- WORK ORDER: Make an exact copy of all the records that follow, apart from the pictures.

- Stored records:
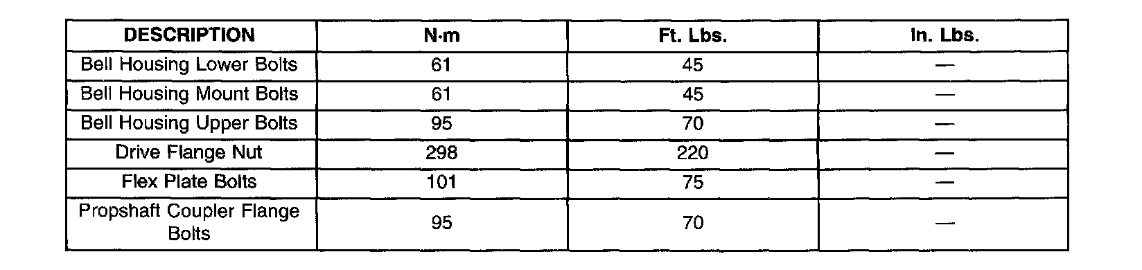 Specifications - Transaxle Bellhousing
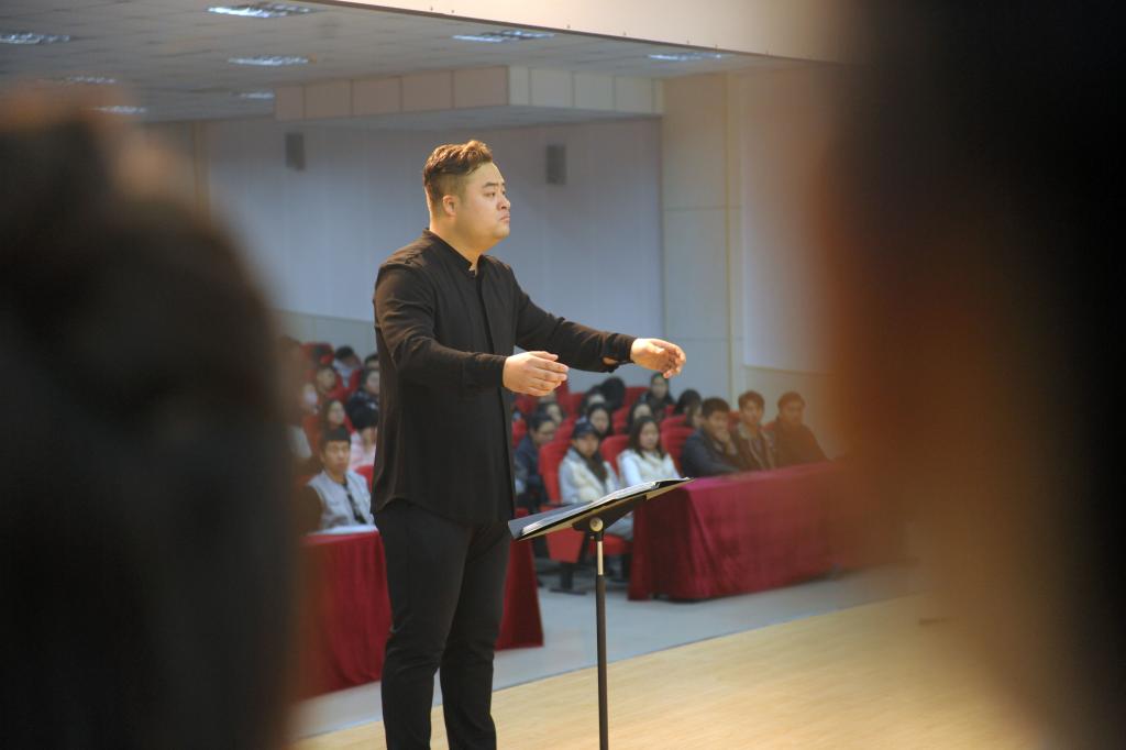 由孙相根教授的硕士研究生李亚正同学担任指挥,给观众带来的《月亮代表我的心》《九儿》《美好的远方》《生死不离》《小路》《茶山云雾》等合唱歌曲获得了广大师生一致好评。
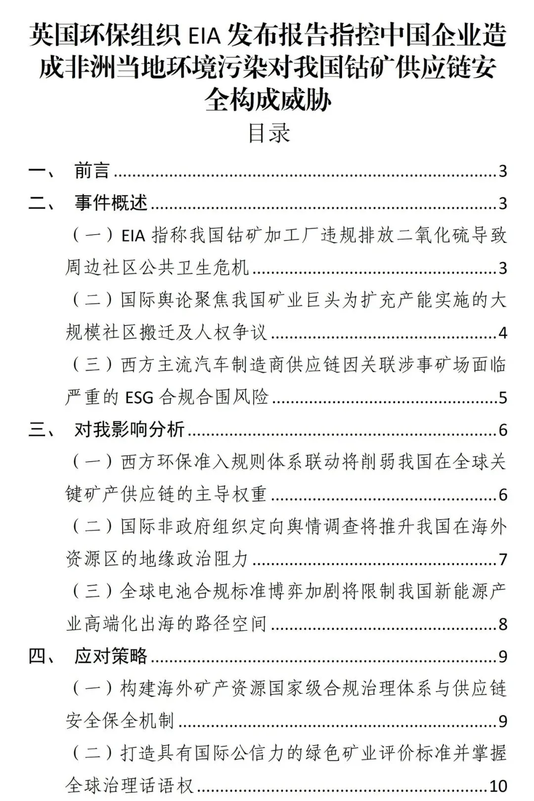 英国环保组织EIA发布报告指控中国企业造成非洲当地环境污染对我国钴矿供应链安全构成威胁
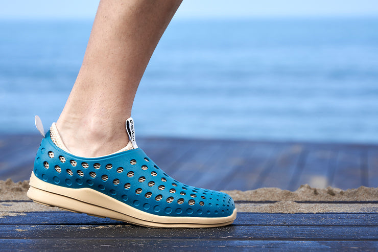Do you plan to get your shoes wet? Keep the insole, but remove the inner shoe and enjoy an entirely waterproof, highly ventilating shoe made from 70% Eco-EVA and 30% upcycled plastic bottles.
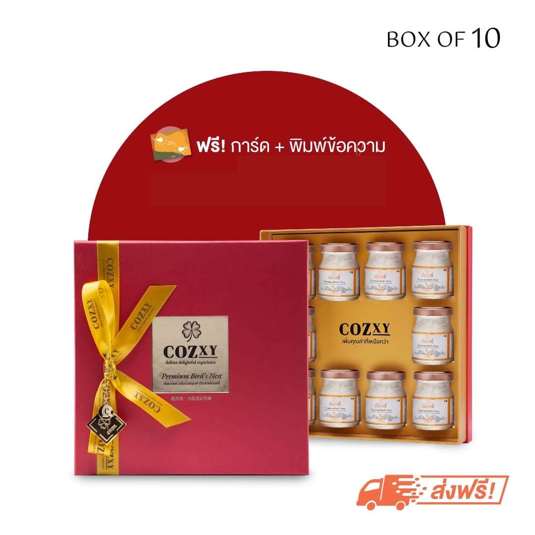 Cozxy Bird's Nest Box Of 10 Original Low Sugar. Our Cozxy Premium Gift Boxes are designed and manufactured so that anyone who receives them feels truly delighted and fulfilled. Not only does it have grand appeal that comes in various colors, but also with the high quality materials, they are created to last. Feel free to cater them for any of your special occasions.
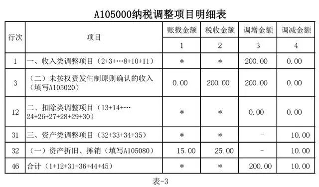 第三步:填写《A105000纳税调整项目明细表》,如表-3:
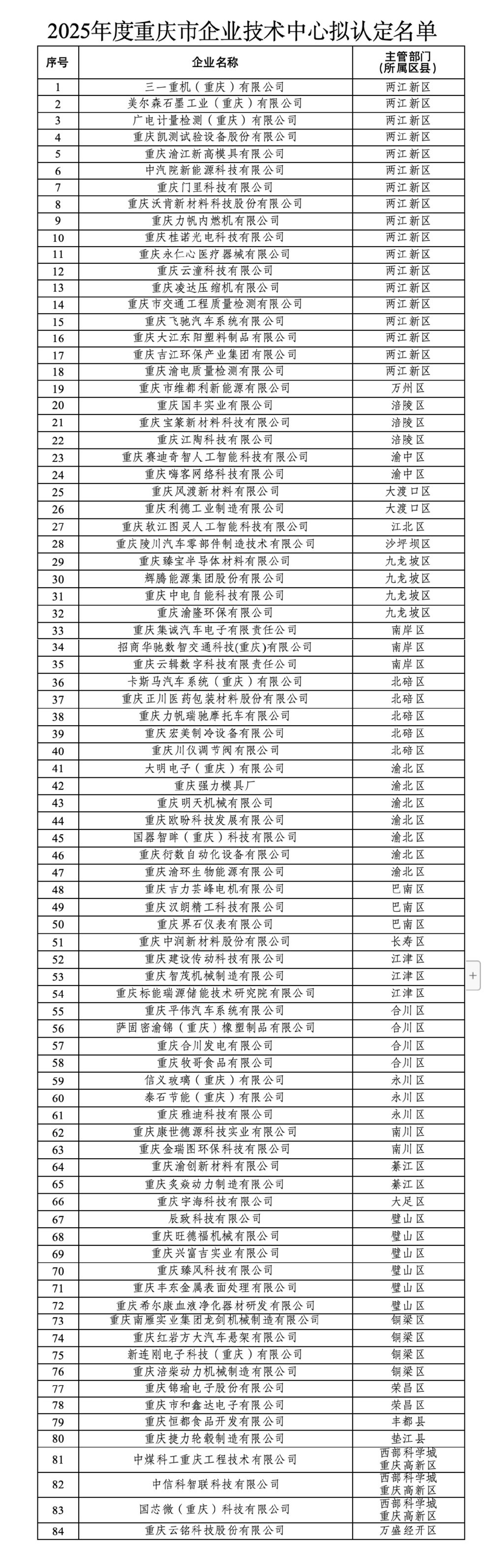 推动产业技术创新,需要培育一批企业技术中心,让它们成为加强创新驱动发展的支撑力量。10月11日,市经济信息委公示2025年度市级企业技术中心名单,共84家企业技术中心入选。
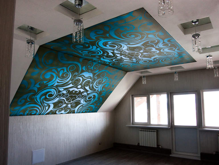 Матовые натяжные потолки с фотопечатью лучше заказывать в профессиональном дизайнерском агентстве: иначе вы рискуете получить интерьер, который будет далек от ваших фантазий. Малейший недостаток на принте бросится в глаза и испортит все впечатление. Глянец в этом плане куда менее капризен: мелкие недочеты сгладят переливы света.
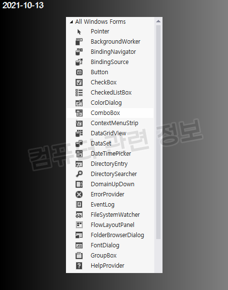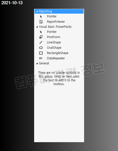 툴박스에 없는 항목은 마우스 우클릭해서 콤포넌트를 수동으로 추가하시면 됩니다.
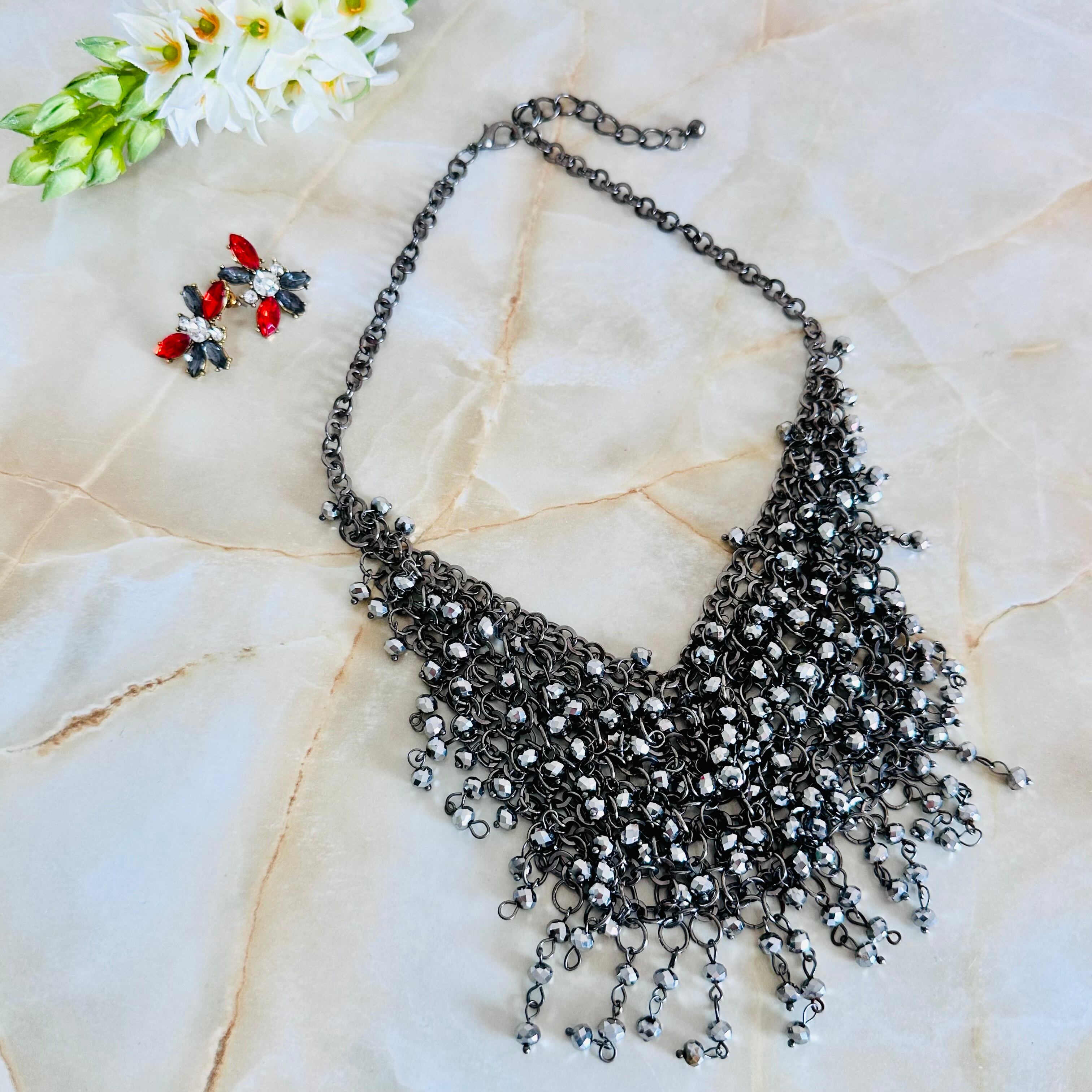 メタリックシルバーカラー✖️ブラックシルバーカラーのネックレスです。
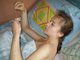 Замечательная молоденькая самочка,нежится в постельке очень привлекательно.
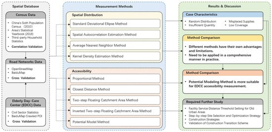 This study aims to provide a theoretical basis and methodological support for the planning and renovation of EDCCs in China’s urban built-up areas by examining the spatial distribution and accessibility measurement methods. Firstly, we investigated the EDCCs for the elderly in Nankai District, Tianjin, and obtained the basic construction data of EDCCs and the data of residences in Nankai District and the surrounding communities. After that, we combined the road network data to construct the database of “EDCCs—residences”. Then, the standard deviation ellipse (SDE), spatial autocorrelation (SA), average nearest neighbor (ANN), kernel density estimation (KDE), and buffer zone methods were used to comprehensively evaluate the spatial distribution characteristics of EDCCs in the region. The accessibility was analyzed and compared by the proportional method, the nearest distance method, the two-step floating catchment area method (2SFCA), the inverted two-step floating catchment area method (i2SFCA), and the potential model method. The results show the emphases of different spatial distribution algorithms and their limitations. Regarding 2SFCA and the potential model, the latter demonstrated more advantages for the analysis of this scenario. The threshold setting of public facilities’ service distances for the urban built-up areas in the current standard requires further exploration. The analysis results also confirmed that the number of existing EDCCs in Nankai District is severely small, the distribution is random, and a spatially mismatch in supplies with the distribution of the elderly population exists. Finally, the principles and strategies for planning and optimization of EDCC are presented based on the analysis (
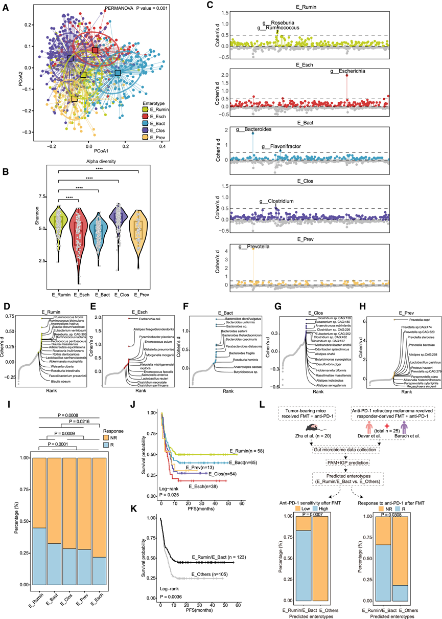 (A) PCoA 图显示五种肠型之间的 β 多样性差异。(B) 肠型间 alpha 多样性 (Shannon) 的小提琴图。(C) 针状图显示每种肠型中占主导地位的属以及 Cohen's d 统计量。(D-H) 散点图显示每种肠型中物种水平的富集细菌。(I) 堆积图显示了R和 NR 在各种肠型中的分布偏好。(J-K)生存分析。(L) 接受 FMT 的小鼠和黑色素瘤患者的肠型预测。
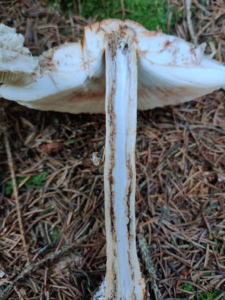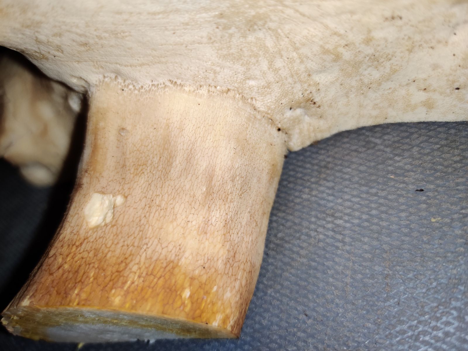 Sehr zahlreich wachsend. Teils Dutzende auf kleinem Raum. Hohler Stiel, klar erkennbare Leisten und Hut mit Loch der fast in den Stiel mündet. Erdinger Geruch.
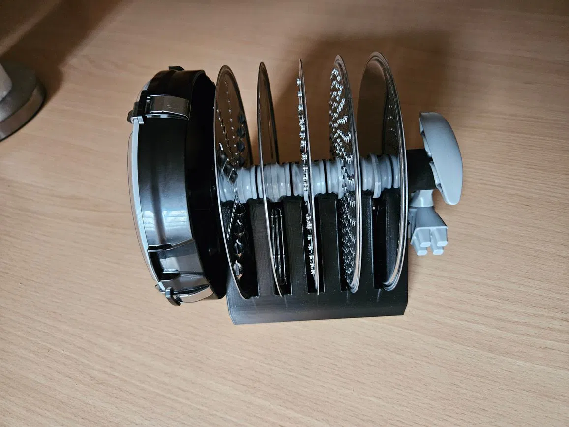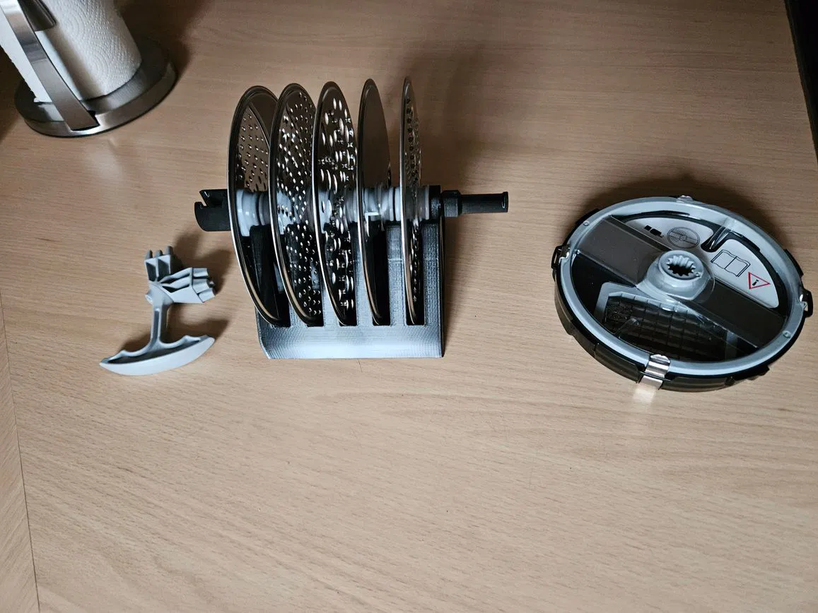 This cutting disc holder for Bosch MUM OptiMUM was created by Honza Dohnal. I have also added two holders for the MUZS68CC dicer + cutting grid cleaner.
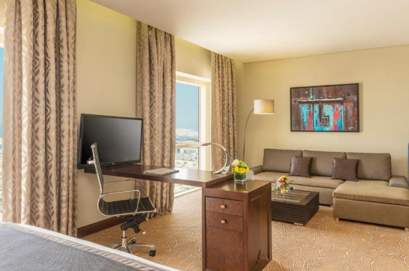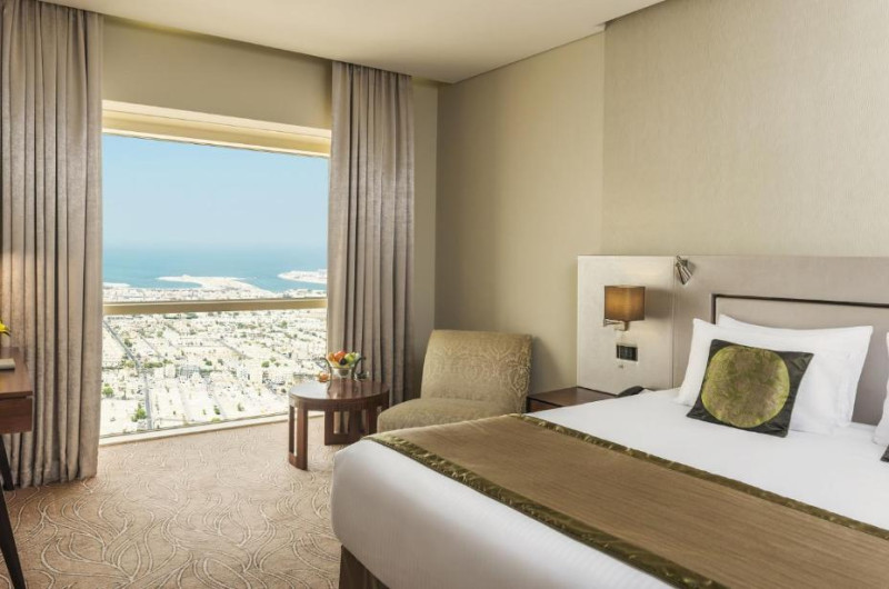 Camerele Hotelului Tower Plaza au aer condiționat, zonă de relaxare cu TV cu ecran plat și minibar. Unele camere oferă vedere la Dubai. Toate camerele includ o baie spațioasă, dotată cu duș separat si cadă. Camerele au ferestre mari si sunt decorate in culori deschise, cu nuanțe de bej.

- YOUR SOLUTION:
 Specifications - Transaxle Bellhousing
 由孙相根教授的硕士研究生李亚正同学担任指挥,给观众带来的《月亮代表我的心》《九儿》《美好的远方》《生死不离》《小路》《茶山云雾》等合唱歌曲获得了广大师生一致好评。
 英国环保组织EIA发布报告指控中国企业造成非洲当地环境污染对我国钴矿供应链安全构成威胁
Do you plan to get your shoes wet? Keep the insole, but remove the inner shoe and enjoy an entirely waterproof, highly ventilating shoe made from 70% Eco-EVA and 30% upcycled plastic bottles.
 Cozxy Bird's Nest Box Of 10 Original Low Sugar. Our Cozxy Premium Gift Boxes are designed and manufactured so that anyone who receives them feels truly delighted and fulfilled. Not only does it have grand appeal that comes in various colors, but also with the high quality materials, they are created to last. Feel free to cater them for any of your special occasions.
 第三步:填写《A105000纳税调整项目明细表》,如表-3:
 推动产业技术创新,需要培育一批企业技术中心,让它们成为加强创新驱动发展的支撑力量。10月11日,市经济信息委公示2025年度市级企业技术中心名单,共84家企业技术中心入选。
 Матовые натяжные потолки с фотопечатью лучше заказывать в профессиональном дизайнерском агентстве: иначе вы рискуете получить интерьер, который будет далек от ваших фантазий. Малейший недостаток на принте бросится в глаза и испортит все впечатление. Глянец в этом плане куда менее капризен: мелкие недочеты сгладят переливы света.
 툴박스에 없는 항목은 마우스 우클릭해서 콤포넌트를 수동으로 추가하시면 됩니다.
 メタリックシルバーカラー✖️ブラックシルバーカラーのネックレスです。
 Замечательная молоденькая самочка,нежится в постельке очень привлекательно.
 This study aims to provide a theoretical basis and methodological support for the planning and renovation of EDCCs in China’s urban built-up areas by examining the spatial distribution and accessibility measurement methods. Firstly, we investigated the EDCCs for the elderly in Nankai District, Tianjin, and obtained the basic construction data of EDCCs and the data of residences in Nankai District and the surrounding communities. After that, we combined the road network data to construct the database of “EDCCs—residences”. Then, the standard deviation ellipse (SDE), spatial autocorrelation (SA), average nearest neighbor (ANN), kernel density estimation (KDE), and buffer zone methods were used to comprehensively evaluate the spatial distribution characteristics of EDCCs in the region. The accessibility was analyzed and compared by the proportional method, the nearest distance method, the two-step floating catchment area method (2SFCA), the inverted two-step floating catchment area method (i2SFCA), and the potential model method. The results show the emphases of different spatial distribution algorithms and their limitations. Regarding 2SFCA and the potential model, the latter demonstrated more advantages for the analysis of this scenario. The threshold setting of public facilities’ service distances for the urban built-up areas in the current standard requires further exploration. The analysis results also confirmed that the number of existing EDCCs in Nankai District is severely small, the distribution is random, and a spatially mismatch in supplies with the distribution of the elderly population exists. Finally, the principles and strategies for planning and optimization of EDCC are presented based on the analysis (
 (A) PCoA 图显示五种肠型之间的 β 多样性差异。(B) 肠型间 alpha 多样性 (Shannon) 的小提琴图。(C) 针状图显示每种肠型中占主导地位的属以及 Cohen's d 统计量。(D-H) 散点图显示每种肠型中物种水平的富集细菌。(I) 堆积图显示了R和 NR 在各种肠型中的分布偏好。(J-K)生存分析。(L) 接受 FMT 的小鼠和黑色素瘤患者的肠型预测。
 Sehr zahlreich wachsend. Teils Dutzende auf kleinem Raum. Hohler Stiel, klar erkennbare Leisten und Hut mit Loch der fast in den Stiel mündet. Erdinger Geruch.
 This cutting disc holder for Bosch MUM OptiMUM was created by Honza Dohnal. I have also added two holders for the MUZS68CC dicer + cutting grid cleaner.
 Camerele Hotelului Tower Plaza au aer condiționat, zonă de relaxare cu TV cu ecran plat și minibar. Unele camere oferă vedere la Dubai. Toate camerele includ o baie spațioasă, dotată cu duș separat si cadă. Camerele au ferestre mari si sunt decorate in culori deschise, cu nuanțe de bej.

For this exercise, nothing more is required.